To top it off, confusion still exists among some of the groups about who owns all the below-ground water rights.
Still, the Utah Energy Office reported that within the area's 70-acre surface that manifests hot springs, there is more than enough water to go around, as long as it is managed well.
Rain and snowfall in the mountains feed the geothermal system as it descends through fractures, which continually break open along the active Wasatch fault, giving the water ample opportunity to circulate to deep levels, said Bob Blackett a senior geologist with the Utah Geological Survey. Eventually, the hot water becomes more buoyant and returns to the surface in alluvial outflow areas typically near the bases of mountain ranges where there is lower pressure.

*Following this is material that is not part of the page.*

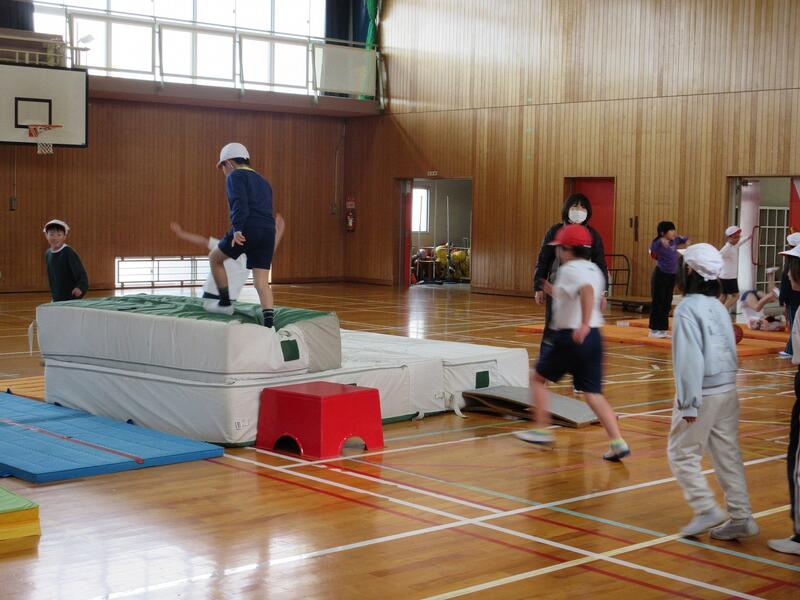 3年生は体育館での体育中。台上前転に取り組んでいますが、いろいろな場の設定で、「こわいなあ」がクリアできているようです。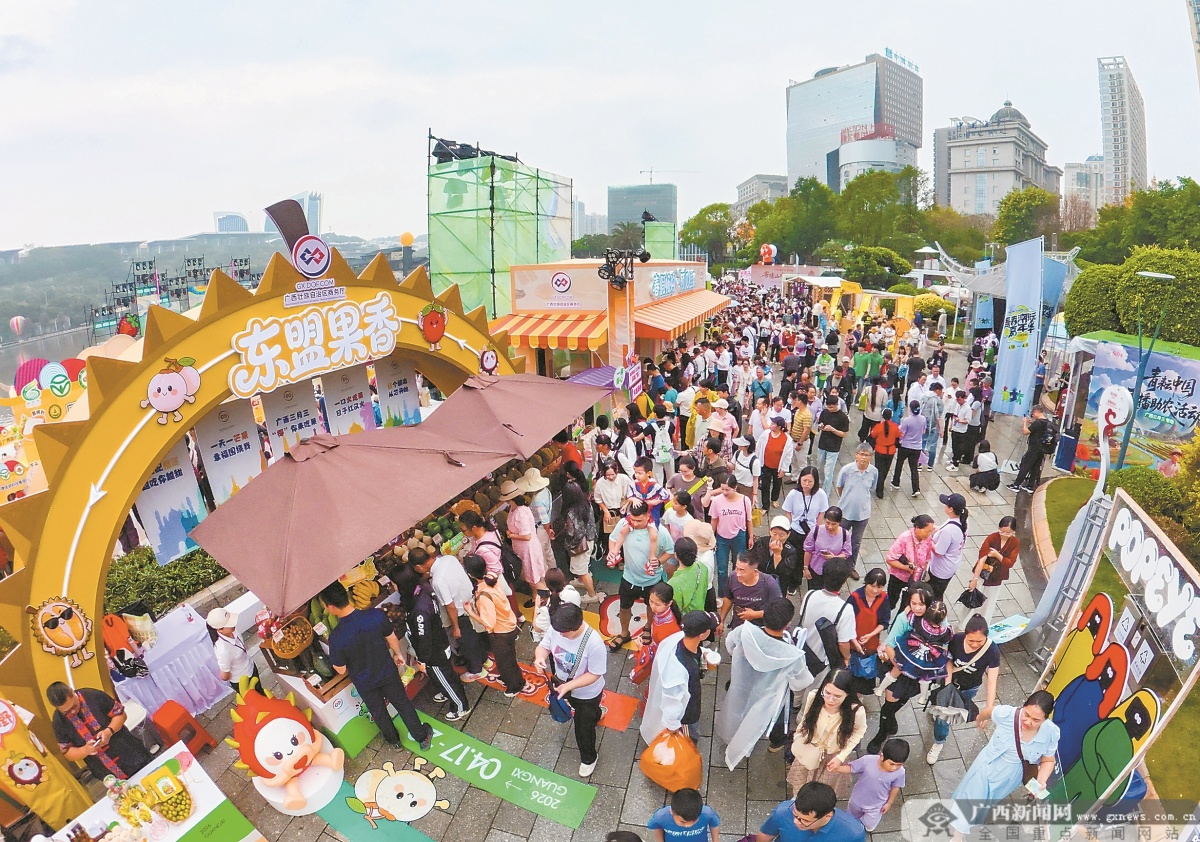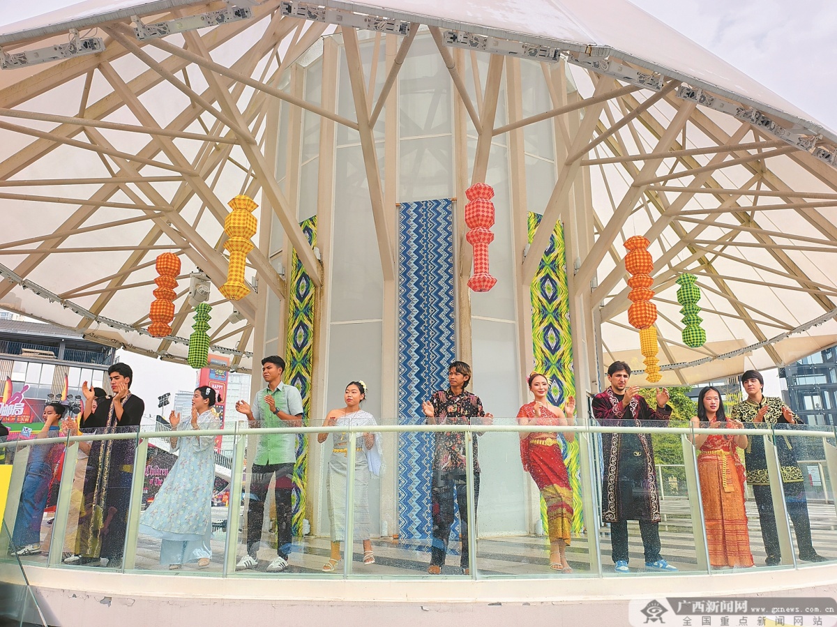 东盟水果展位前人头涌动。 开幕式上,丰富多彩的活动也吸引了众多外国友人参与、体验,沉浸式感受八桂大地浓郁的民族风情与开放包容的时代活力。

Steve Davis, owner of Crystal Springs Fishery, is one of the area's longest current users of geothermal water. His family-owned-and-operated business, has been one of the nation's leading suppliers of tropical fish to pet shop distributors for 30 years.
Hot springs flow into a two-acre lake near his fishery allowing him to raise African cichlids a variety of freshwater tropical fish in water that closely mimics their native Lake Malawi's temperature and mineral content. The geothermal water rises from the ground at roughly 180 degrees, but cools to the optimal 80 degrees when it mixes with the water in Crystal Lake.
But the lake's temperature has dropped continually since the prison first began pumping water, Davis said. The estimated 500,000 to 1 million fish can survive at the current 70 degrees, but if the temperature drops any more, the fish likely will all die.
"We're essentially going to be put out of business if the prison keeps pumping out as much water as they are," he said.
Davis said he has been continually drawing down the size of his lake until it has become a small pool in order to conserve the water's heat. The lake is currently down 30 feet.
"Right now my lake looks like the Kennecott copper pit," he said. "It's just a huge chasm in the ground."